AUTHORS' CONCLUSIONS: Current evidence supports the use of piperacillin-tazobactam in locations where antibiotic resistance profiles do not mandate empirical use of carbapenems. Carbapenems result in a higher rate of antibiotic-associated and Clostridium difficile-associated diarrhea. There is a high level of evidence that all-cause mortality is higher with cefepime compared to other beta-lactams and it should not be used as monotherapy for patients with febrile neutropenia.
几种β-内酰胺类药物被推荐作为治疗发热性中性粒细胞减少症的单一药物。
比较不同抗假单胞菌β-内酰胺类药物作为单一药物治疗发热性中性粒细胞减少症的有效性。比较不同β-内酰胺类药物治疗期间或治疗后细菌耐药性、细菌和真菌二重感染的发生情况。
我们检索了Cochrane对照试验注册库(CENTRAL)2010年第3期。
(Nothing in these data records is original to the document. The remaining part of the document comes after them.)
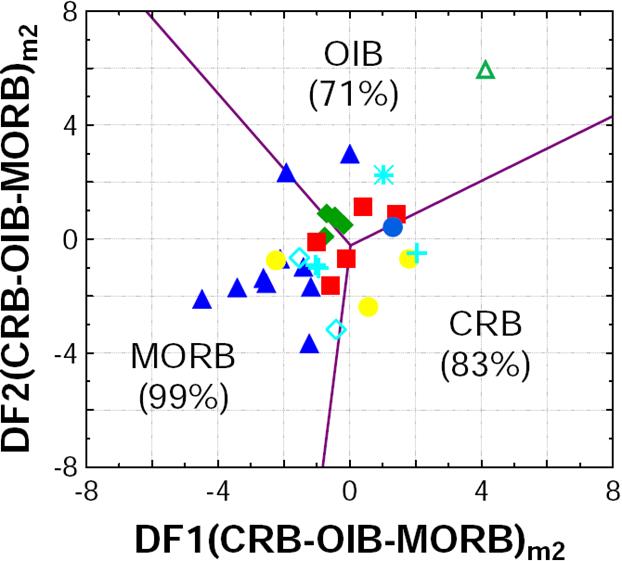 Verma, S.P., Guevara, M., Agrawal, S., 2006, Discriminating four tectonic settings: Five new geochemical diagrams for basic and ultrabasic volcanic rocks based on log-ratio transformation of major-element data: Journal of Earth System Sciences 115, 485-528.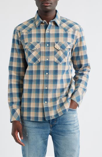 Inspired by vintage Western styles, this plaid shirt cut from soft, breathable cotton boasts all the classic hallmarks like polished snaps, peaked yokes and angled bias-cut pockets.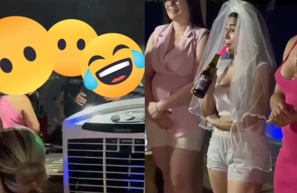 Eles bateram palmas, mas como ninguém apareceu, caminharam até os fundos da residência. Lá, encontraram as mulheres fantasiadas e a noiva de lingerie. As convidadas chegaram a filmar a cena, pensando se tratar de uma surpresa.

检索了MEDLINE、EMBASE、LILACS、FDA药物申请、会议论文集以及截至2010年8月的正在进行的临床试验数据库。对纳入研究的参考文献进行了筛选。
随机对照试验(RCT),比较一种抗假单胞菌β-内酰胺类药物与另一种抗假单胞菌β-内酰胺类抗生素,两者均单独使用或在两个研究组中均添加相同的糖肽,用于癌症患者发热和中性粒细胞减少症的初始治疗。
两位综述作者独立应用纳入标准并提取数据。查找缺失数据。计算风险比(RR)及其95%置信区间(CI),并使用固定效应模型进行汇总。主要结局是全因死亡率。使用基于领域的评估方法评估偏倚风险,并通过敏感性分析评估其对结果的影响。
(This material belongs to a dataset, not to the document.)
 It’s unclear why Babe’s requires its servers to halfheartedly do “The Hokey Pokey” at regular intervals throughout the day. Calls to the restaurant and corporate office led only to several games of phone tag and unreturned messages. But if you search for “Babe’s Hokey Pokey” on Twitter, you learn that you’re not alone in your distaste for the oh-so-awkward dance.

纳入了44项试验。评估的抗生素有头孢吡肟、头孢他啶、哌拉西林-他唑巴坦、亚胺培南和美罗培南。约一半的试验报告了充分的分配隐藏和随机化,只有两项试验为双盲试验。与其他β-内酰胺类药物相比,头孢吡肟导致的全因死亡率显著更高(RR 1.39,95%CI 1.04至1.86,21项试验,3471名参与者),无异质性,且在偏倚风险较低的试验中RR更高。次要结局无差异,但头孢吡肟导致的细菌二重感染率略高。与其他抗生素相比,哌拉西林-他唑巴坦导致的死亡率显著更低(RR 0.56,95%CI 0.34至0.92,8项试验,1314名参与者),无异质性。与其他抗生素相比,碳青霉烯类药物导致的全因死亡率相似,临床失败率和抗生素调整率更低,但艰难梭菌引起的腹泻率更高。
目前的证据支持在抗生素耐药情况不要求经验性使用碳青霉烯类药物的地区使用哌拉西林-他唑巴坦。碳青霉烯类药物导致抗生素相关性腹泻和艰难梭菌相关性腹泻的发生率更高。有充分证据表明,与其他β-内酰胺类药物相比,头孢吡肟导致的全因死亡率更高,不应将其用作发热性中性粒细胞减少症患者的单一疗法。